Episode 2
S3E2 - TB and diagnosis - Using state of the art technology to find and treat people living with TB
- Our guests Jacob Creswell from the STOP TB Partnership and Brenda Mungai from the Liverpool School of Tropical Medicine, provide insight into how technology is playing a key role in TB diagnosis, and highlights from the discussion include:
- The technologies currently available to help diagnose TB
- The role of artificial intelligence (AI) in TB diagnosis
- The involvement of communities in the development of AI and the benefits that people are seeing from these developments
Dr. Jacob Creswell is Head of Innovations & Grants at the Stop TB Partnership. He coordinates the TB REACH initiative which is focused on improving programmatic aspects of tuberculosis case detection and treatment outcomes. He serves as a global expert on different aspects of improving tuberculosis case detection including private sector engagement and active case finding. Jacob is currently working on the introduction of new diagnostic and screening tools for TB including artificial intelligence and how they can fit into more efficient and effective diagnostic algorithms. Jacob has published more than 80 scientific publication and has over 20 years of experience working at Stop TB, WHO and CDC on TB and HIV.

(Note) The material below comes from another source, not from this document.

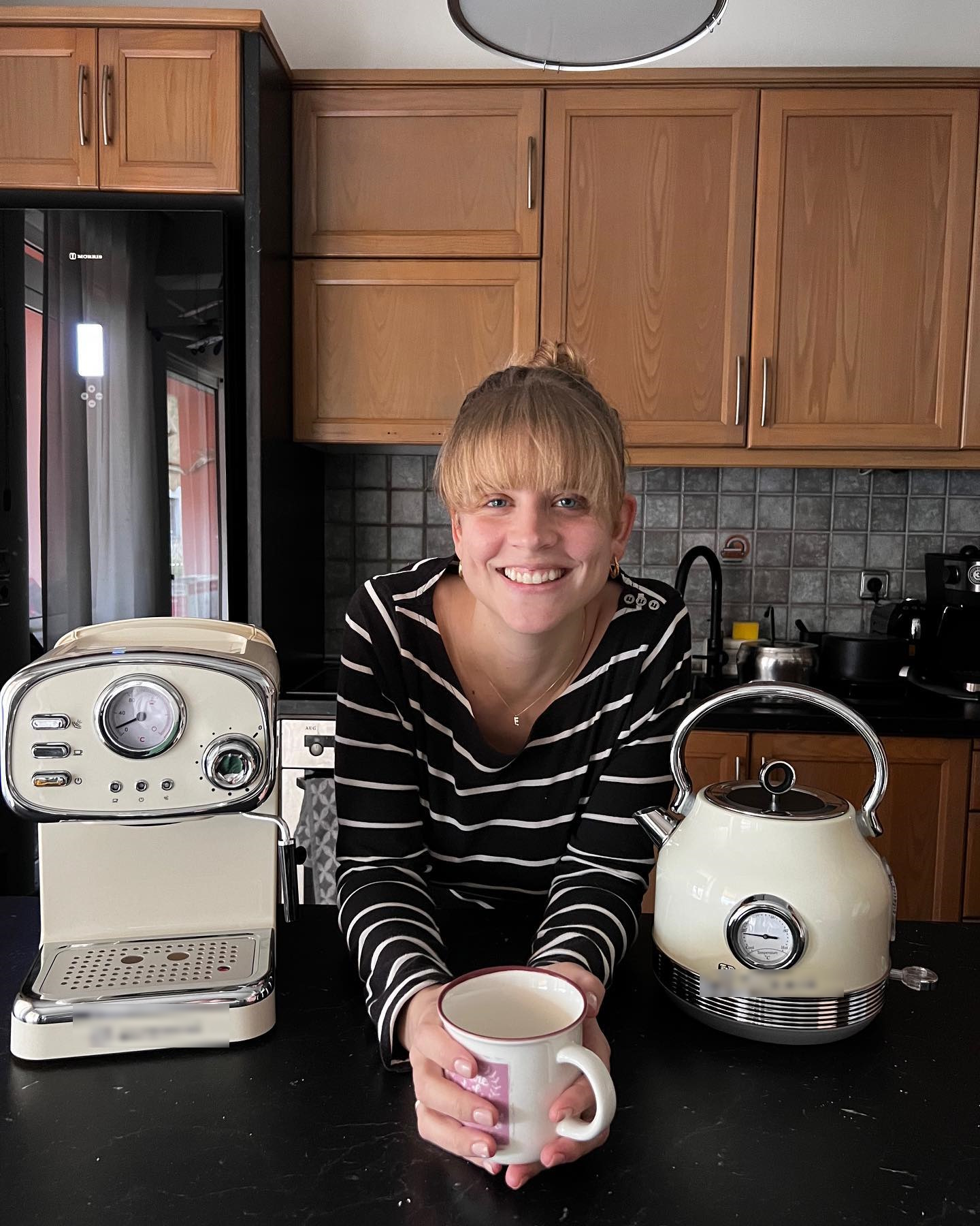 Η ηθοποιός περνάει πολλές ώρες σπίτι με το μωρό της και πόζαρε να απολαμβάνει τον καφέ στην κουζίνα του σπιτιού της και στη συνέχεια δημοσίευσε τη φωτογραφία στο instagram.
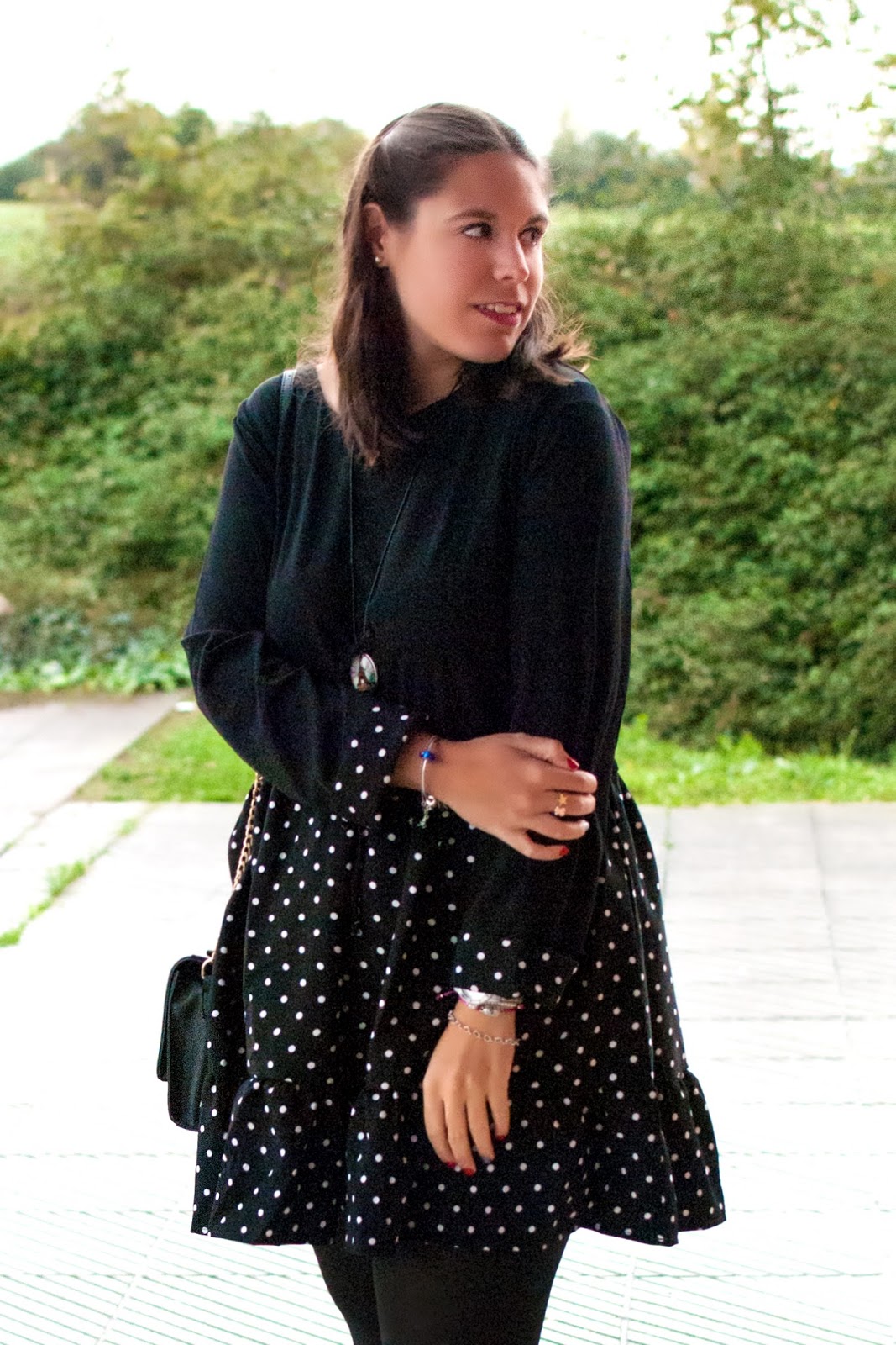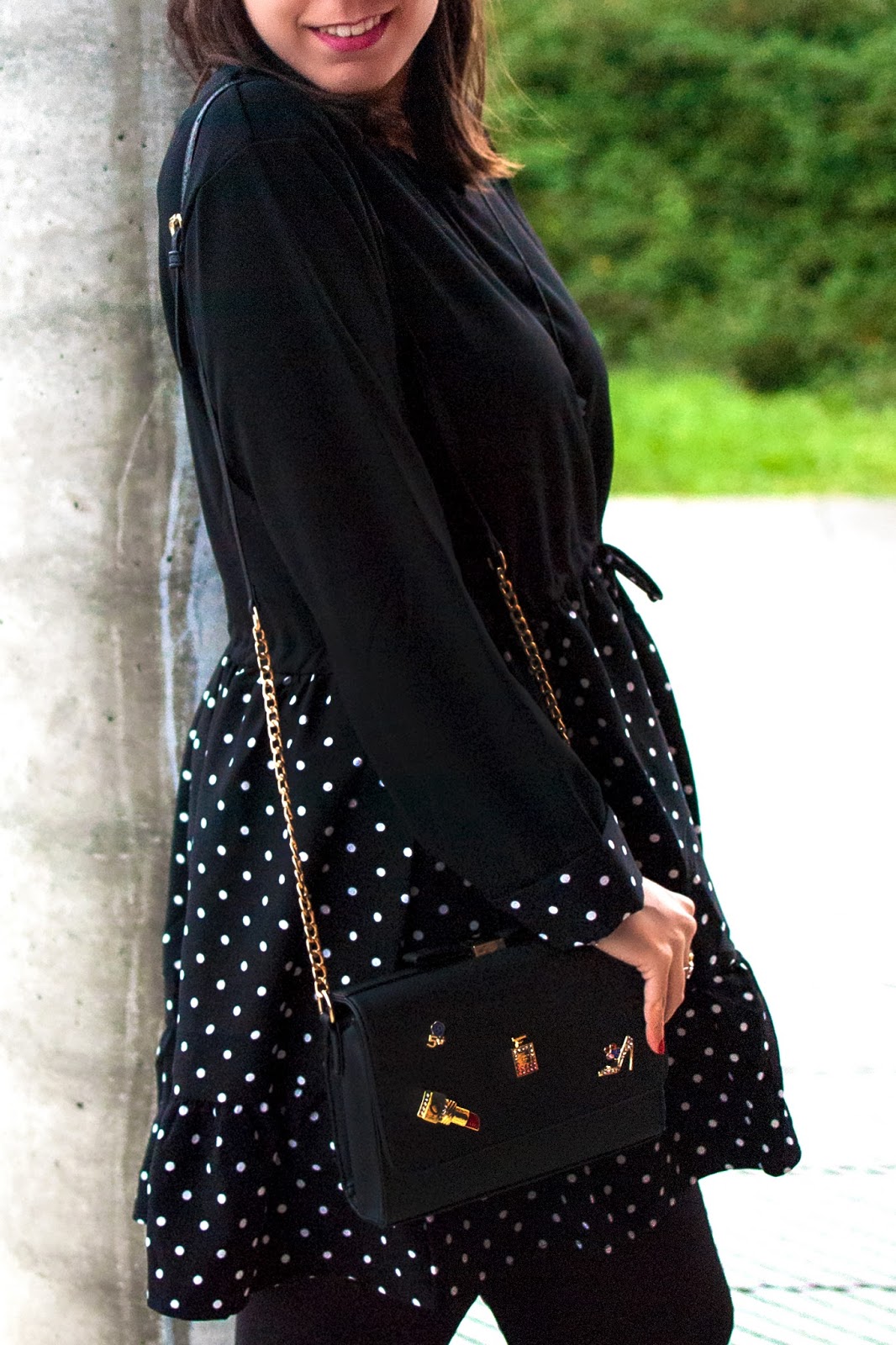 ¡Vivan los lunares! Son uno de los prints más maravillosos que existen, además de que son juguetones y dinámicos 😀 Te quedan muy bien y es totalmente tu estilo… ¿Ves que si se podía incluir negro pero manteniéndote fiel a tu onda? Es un súper OOTD ideal para el otoño y alguna cenita casual-formal 😉

PhD candidate, Liverpool School of Tropical Medicine, Director of Tuberculosis and Lung Health Centre for Health Solutions-Kenya
A medical doctor Bachelor’s degree of Medicine and Surgery (University of Nairobi) with a postgraduate diploma in HIV management (Colleges of Medicine South Africa) and a Masters in Tropical Medicine and Infectious Diseases (Liverpool, United Kingdom). She has over fifteen years national and international professional experience in clinical care and public health approaches to management of infectious diseases especially in TB/ HIV in developing countries. Currently pursuing a PhD in Global Health at Liverpool School of Tropical Medicine focusing on operational modelling, and the role of chest X-ray and computer-aided detection software in tuberculosis screening in low -and lower-middle income countries.